### Stored records:
- - - -

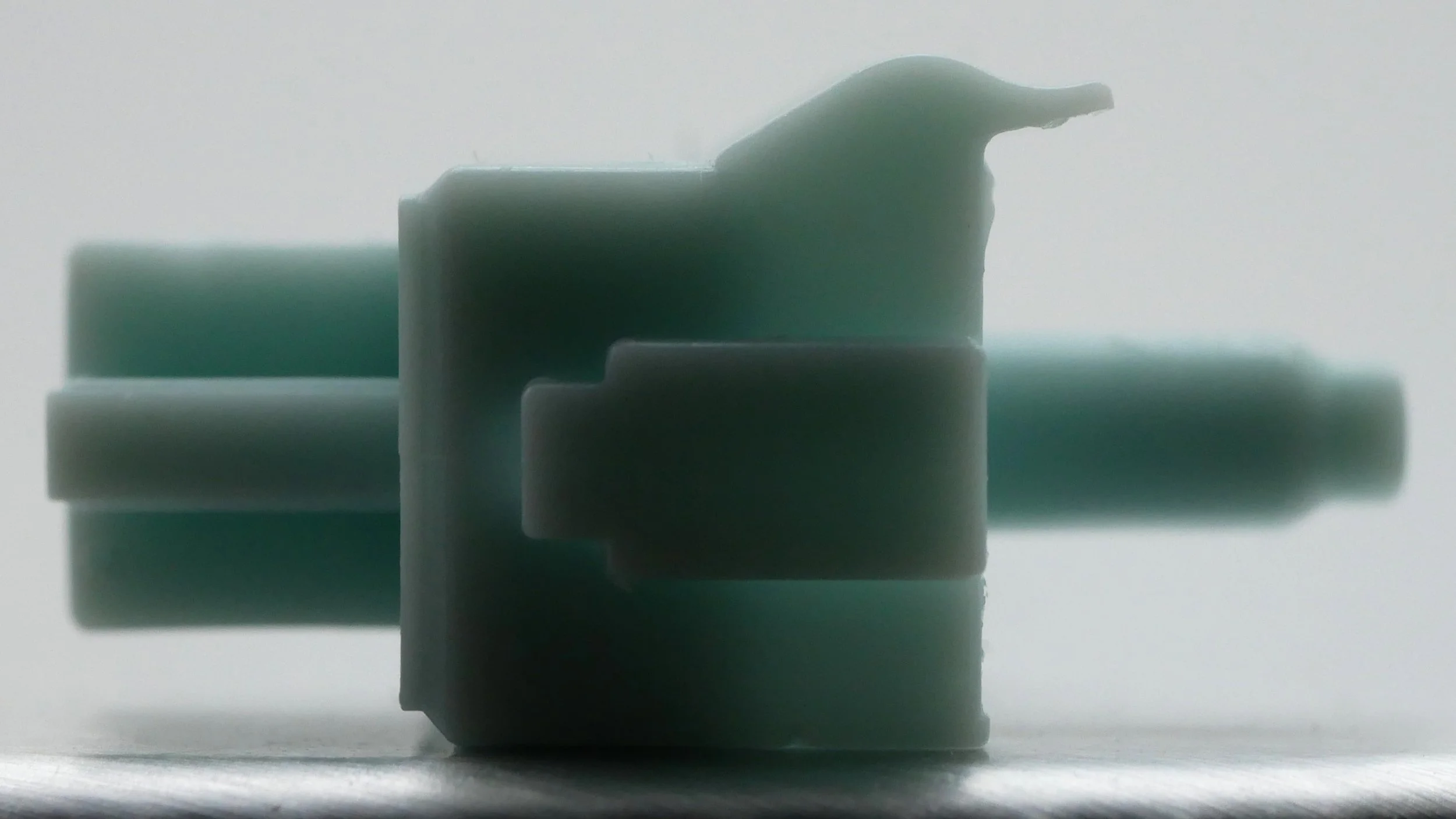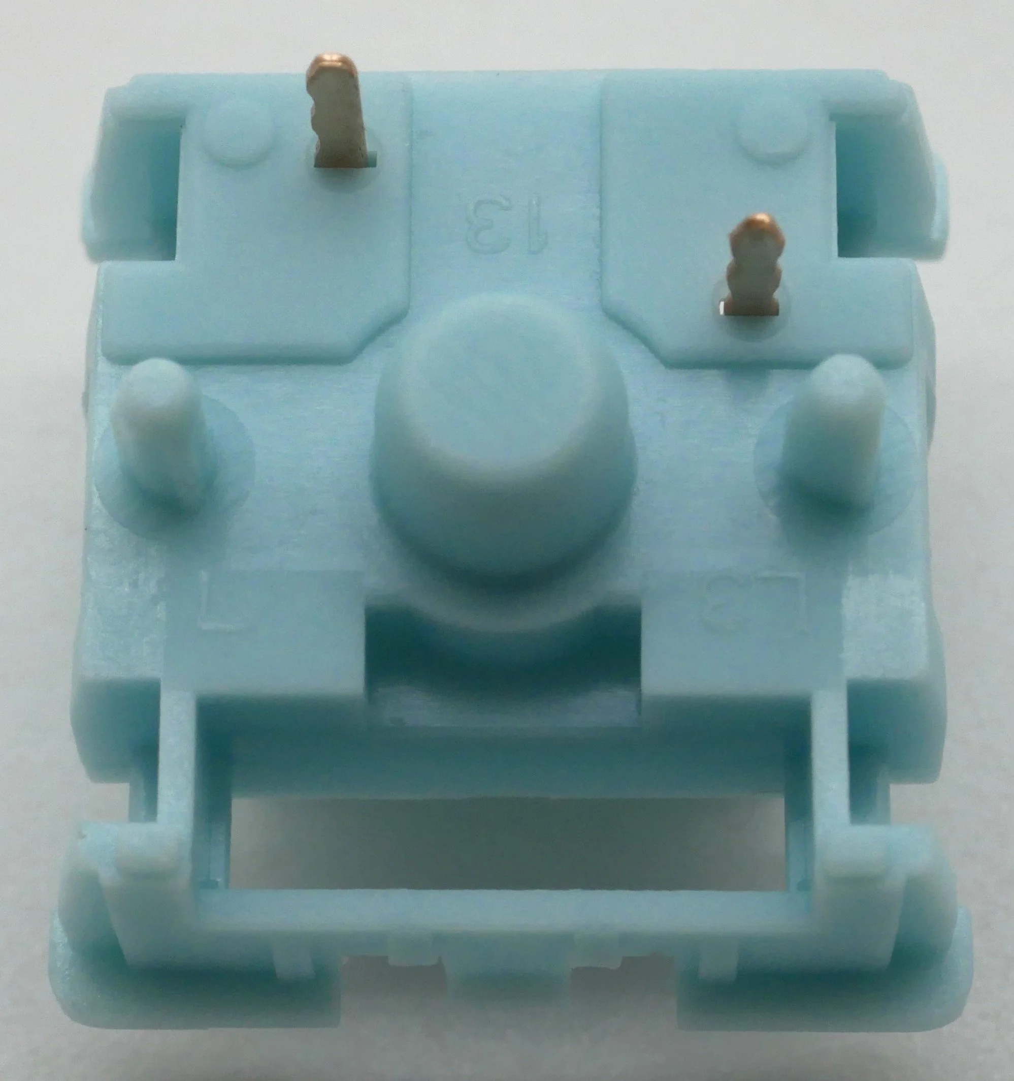 Moving next to the pale, baby blue stems of the HMX Frog switches, we encounter a handful of details that are neither unexpected nor necessarily unique among HMX nor HMX tactile switches released previously. With a ‘high and tight’ style stem that features a pronounced center pole length relative to shortened slider rails, it’s evident that this stem is meant to ground out into the bottom housings sooner than a conventional 4.00 mm travel distance – something also made clear by the 13.46 mm total stem length and even more so evident by the 3.620 mm stem travel distance seen in the force curves of the Frogs in later sections of this review. Beyond these features, the HMX Frog stems are fairly traditional, packing squared off slider rails, mold ejector circles on the front plate of the stems, and trace amounts of evenly dispersed factory lubing across all sides of the stems.
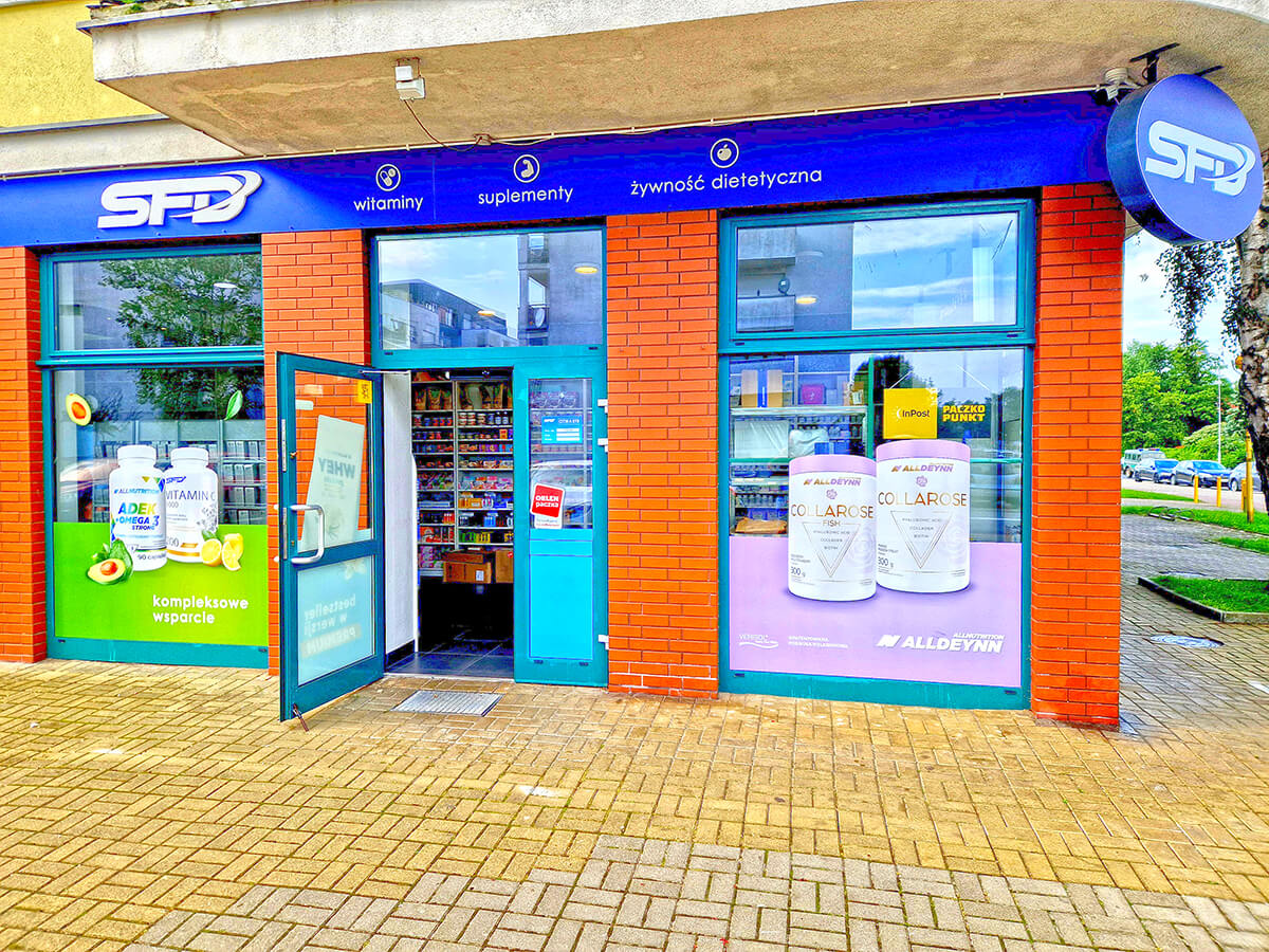 Sklep SFD w Świnoujściu zaopatrzony jest w szeroki wybór odżywek i suplementów, a także witamin i żywności dietetycznej w dobrych cenach. Przy sklepie dostępny jest bezpłatny parking.
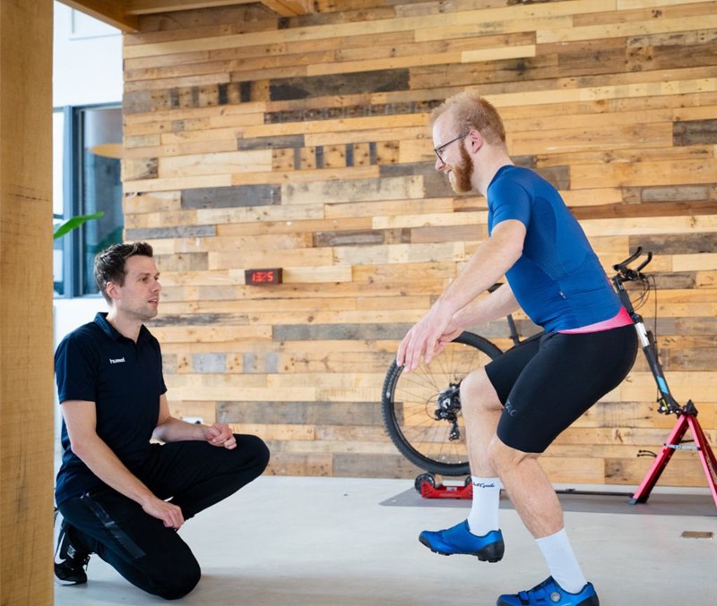 Als laatste kijken we of jij wel symmetrisch op jouw fiets zit. Deze gegevens leggen we naast de informatie van de intake en het lichamelijk onderzoek. Met alle gegevens komen we tot een plan om de klachten op te lossen.
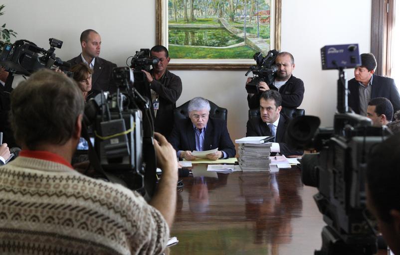 Keywords: Presidente Valdir Rossoni (PSDB) e 1º secretário Plauto Miro (DEM) divulgam relatório sobre irregularidades nas aposenatorias da Assembleia. Foto: Nani Gois (crédito obrigatório)
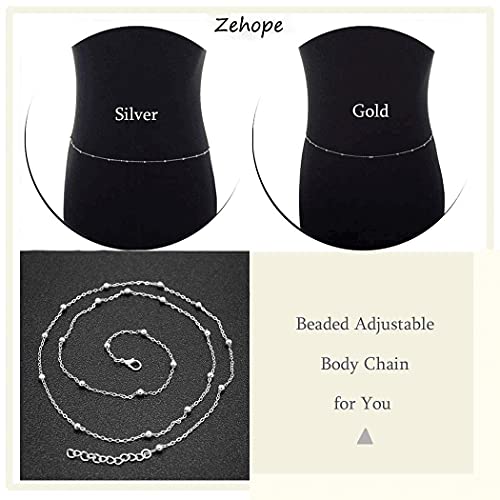 Zehope - Zehory Beaded Waist Chain Silver Belly Body Chain Beach Body Chain Boho Waist Jewelry for Women(Silver)
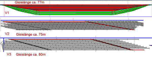 Aus diesem Grund wurden nun ein paar Varianten des Schattenbahnhofes gezeichnet mit dem Ziel
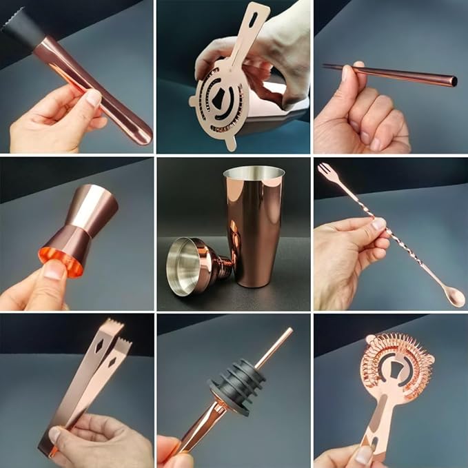 • Bartender Kit included: 1*750ml(25oz) shaker, 1*muddler, 1*15/30ml(0.5/1oz)jigger, 1* ice tongs, 1* ice strainer, 1* fork&spoon, 4 *drinking straw, 4 * Pourer, 1* cocktail Recipes, 1*black stand.
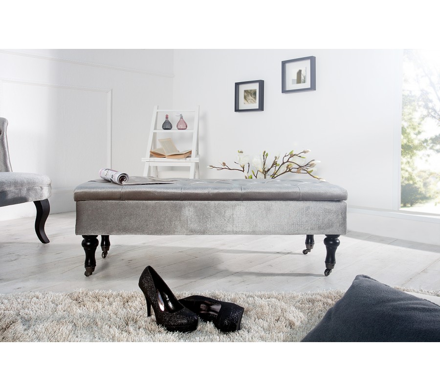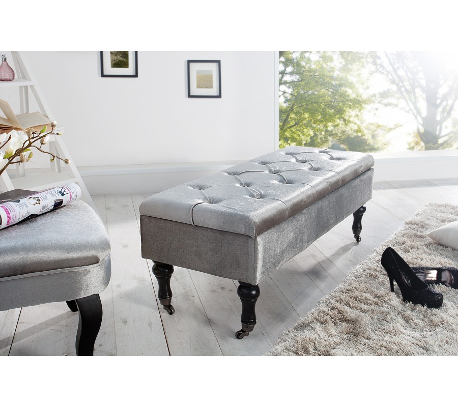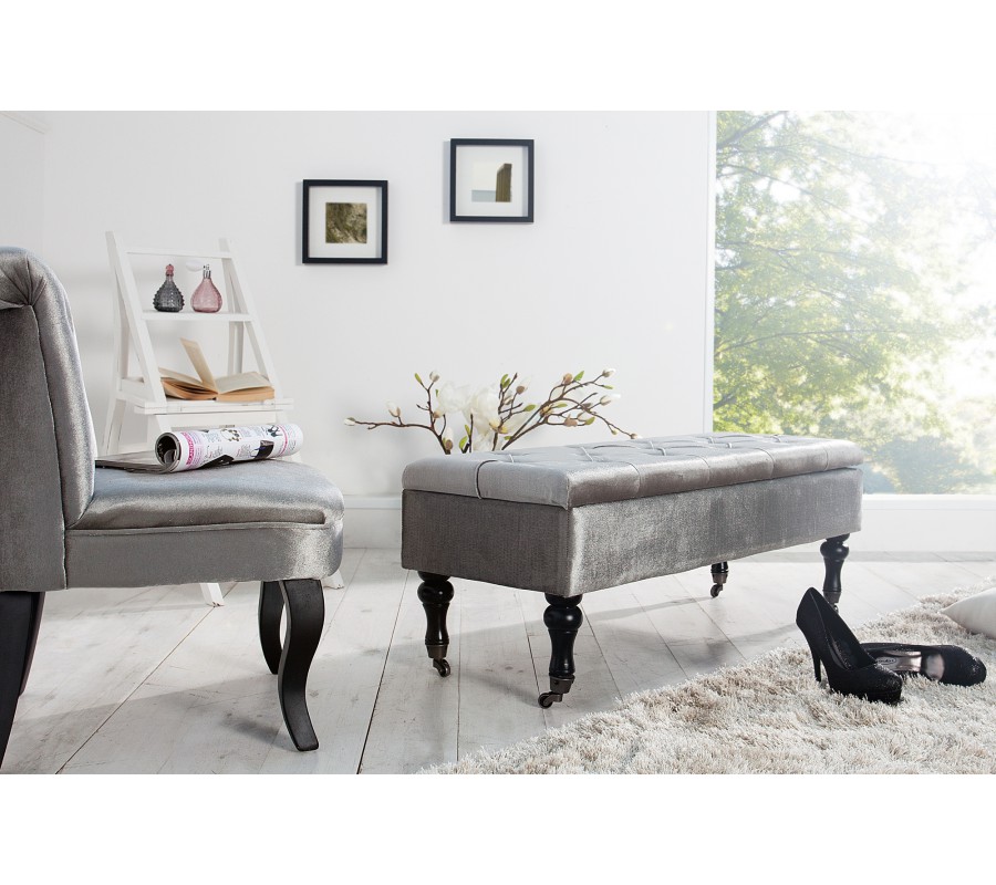 Štýlová lavica s úložným priestorom Glamour 110cm strieborná

- - - -

### Task directions:
Please reproduce the lines exactly from the one containing "Als laatste kijken" through the last line of the data above, and keep the pictures out.

### Solved exercise:
 Als laatste kijken we of jij wel symmetrisch op jouw fiets zit. Deze gegevens leggen we naast de informatie van de intake en het lichamelijk onderzoek. Met alle gegevens komen we tot een plan om de klachten op te lossen.
 Keywords: Presidente Valdir Rossoni (PSDB) e 1º secretário Plauto Miro (DEM) divulgam relatório sobre irregularidades nas aposenatorias da Assembleia. Foto: Nani Gois (crédito obrigatório)
 Zehope - Zehory Beaded Waist Chain Silver Belly Body Chain Beach Body Chain Boho Waist Jewelry for Women(Silver)
 Aus diesem Grund wurden nun ein paar Varianten des Schattenbahnhofes gezeichnet mit dem Ziel
 • Bartender Kit included: 1*750ml(25oz) shaker, 1*muddler, 1*15/30ml(0.5/1oz)jigger, 1* ice tongs, 1* ice strainer, 1* fork&spoon, 4 *drinking straw, 4 * Pourer, 1* cocktail Recipes, 1*black stand.
 Štýlová lavica s úložným priestorom Glamour 110cm strieborná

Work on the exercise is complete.